Although the CFTC had no obligation to publish these rule submissions or to provide an opportunity for public comment, on July 8, 2003, the CFTC made defendants' proposed rule changes available for comment on the CFTC website by July 14, 2003. R. 731 ¶ 21; R. 742 ¶ 29. This was far shorter than that 45-day review period allowed (but not required) by a commission rule. R. 742 ¶ 29. CBOT had requested quick CFTC approval of the proposed rules in June 2003, citing a provision in the clearing link agreement allowing CME to walk away from the agreement by July 15, 2003. Id . However, CME's Board Steering Committee had decided on July 7, 2003 to allow the walkaway provision to lapse. Id.
During the review period between July 8 and July 14, 2003, numerous industry participants, including USFE and BOTCC, submitted comment letters. R. 731 ¶ 22. USFE's letter raised antitrust concerns, explaining that "an analysis of the anti-competitive impact of the [open market transfer rule] CB[O]T Regulation 701 under the factors of section 15(b) of the [Commodity Exchange Act ('CEA') ] precludes the CFTC from approving it." Id. ¶ 23. Other market participants likewise raised competition and market-based concerns in their comment letters. R. 742 ¶ 30. USFE and other market participants also requested that the CFTC extend the comment period. Id.
The CFTC did not extend the comment period. On July 15, 2003, CFTC staff provided a 17-page memorandum addressing the proposed rules and comment letters.
*1240R. 731 ¶ 24; R. 742 ¶ 32. That memorandum explained that the comment letters had raised the concern that the proposed rules "would violate the obligations of [CBOT] and the Commission in light of the antitrust provisions of the Act," including "Section 15(b)." R. 731 ¶ 24. CFTC staff
acknowledge[d] that these rules relate to important policy and legal issues of market structure and competition that the Commission has been addressing since June, 2002.4 However, ... 'despite all the discussion about alternative clearing models embracing choice in one form or another, to-date no alternatives to the use of a single dedicated clearinghouse exist and none have been proposed in an implementable form.
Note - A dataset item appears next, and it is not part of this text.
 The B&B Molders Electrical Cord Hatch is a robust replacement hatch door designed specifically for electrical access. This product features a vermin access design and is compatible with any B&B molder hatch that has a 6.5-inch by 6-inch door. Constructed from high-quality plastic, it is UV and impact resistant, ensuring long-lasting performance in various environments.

Id. ¶ 25. CFTC staff recommended approving the rules, including Regulation 701.01, "[i]n order to move forward to implement the Link in an orderly manner, and to enhance legal certainty concerning the procedures to implement the Link." Id. CFTC staff subsequently explained:
The staff recognizes that the Clearing Services Agreement between CBOT and CME could appear to raise antitrust issues. However, the staff believes that any potential antitrust issues are outweighed by the benefits to be gained including potential clearing efficiencies, significant cost savings for members and customers, and systemic risk abatement.... On balance, the staff believes that ... the Commission's approval of the CBOT as DCO would not be inconsistent with the Commission's obligation under Section 15(b) of the CEA.
Id. ¶ 29.
On July 15, 2003, the CFTC unanimously approved the clearing link and open interest transfer rules submitted by defendants. Id. ¶ 26. The same day, the CFTC issued a press release announcing the approval and stating:
[T]he policy and legal issues involved have been well known to interested parties since they were initially raised at the CFTC Clearing Roundtable held almost a year ago. CBOT, CME, and the Board of Trade Clearing Corporation have consulted widely with their members *1241and the Commission about this project and submitted to the Commission an agreed transition schedule on June 13.
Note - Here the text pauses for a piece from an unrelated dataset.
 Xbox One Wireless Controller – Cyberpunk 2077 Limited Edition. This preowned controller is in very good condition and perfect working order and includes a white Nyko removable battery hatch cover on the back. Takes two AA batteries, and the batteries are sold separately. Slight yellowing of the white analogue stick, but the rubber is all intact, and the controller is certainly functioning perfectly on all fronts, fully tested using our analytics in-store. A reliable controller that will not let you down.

Under the Commodity Exchange Act, the Commission is not obligated to publish rule submissions of self-regulatory organizations. Nevertheless, based upon the many expressions of interest in this matter, the Commission decided to provide a short comment period....
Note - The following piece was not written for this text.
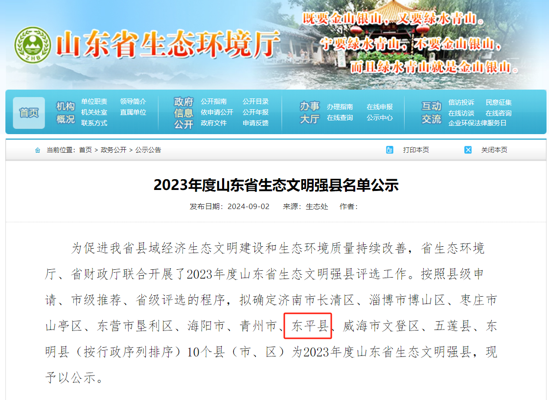 近日,由北京中環瑞德環境工程技術有限公司(以下簡稱中環瑞德)承接的東平縣人民政府2023年度山東省生態文明強縣的申報項目順利通過山東省生態環境廳和山東省財務廳篩選評估,成功入選2023年度山東省生態文明強縣,實現泰安市在“生態文明強縣”稱號上零的突破,并獲得1000萬元的專項資金。

The rules are necessary for the orderly implementation of the Link and will provide continuity of financial integrity and customer protection in the futures markets. The Commission believes that the Link and these rules further the Commodity Futures Modernization Act's goal of supporting innovation in the futures industry.
The Commission's decision was based upon the information before it, including comment letters from several interested parties. The Commission is aware of public and industry interest in related policy issues regarding market structure and competition, and looks forward to hearing more on these issues. The Commission believes, however, that this broader dialogue should not impede the planning necessary to move forward to implement the Link in an orderly manner. The Commission believes it is of paramount importance to enhance legal certainty concerning the procedures to implement the Link.
Id. ¶ 27.
6. USFE's CFTC Application And Preparation To Enter The Market
Knowing that it needed CFTC approval to become a designated contract market ("DCM") before it could launch, USFE pre-filed its DCM application with the CFTC in July 2003. R. 742 ¶ 15. USFE attended meetings with the CFTC that month to discuss its application. Id.5
On September 3, 2003, USFE, Eurex, and BOTCC officially entered into their clearing services agreement. R. 731 ¶ 39. That agreement prohibited BOTCC from making USFE's contracts "fungible with contracts traded on exchanges other than [USFE] or Eurex" without prior written consent of USFE. Id . If the agreement was terminated, USFE could require BOTCC to "facilitate the transfer of open positions and collateral with respect to [USFE] Contracts as to which [BOTCC] maintain[ed] open positions" to another clearing service provider. Id. ¶ 40. In other words, the agreement gave USFE the right to transfer open interest in USFE contracts to another clearinghouse upon termination, just as CBOT had arranged to do with CME. In the wake of USFE's clearing services agreement with BOTCC, CBOT proposed crediting the account of any BOTCC member who became a CME-CBOT clearing link member with "the net book value ($16,628 per share) of up to 150 shares of the clearing member's BOTCC stock." R. 742 ¶ 33; R. 733 Ex. 189.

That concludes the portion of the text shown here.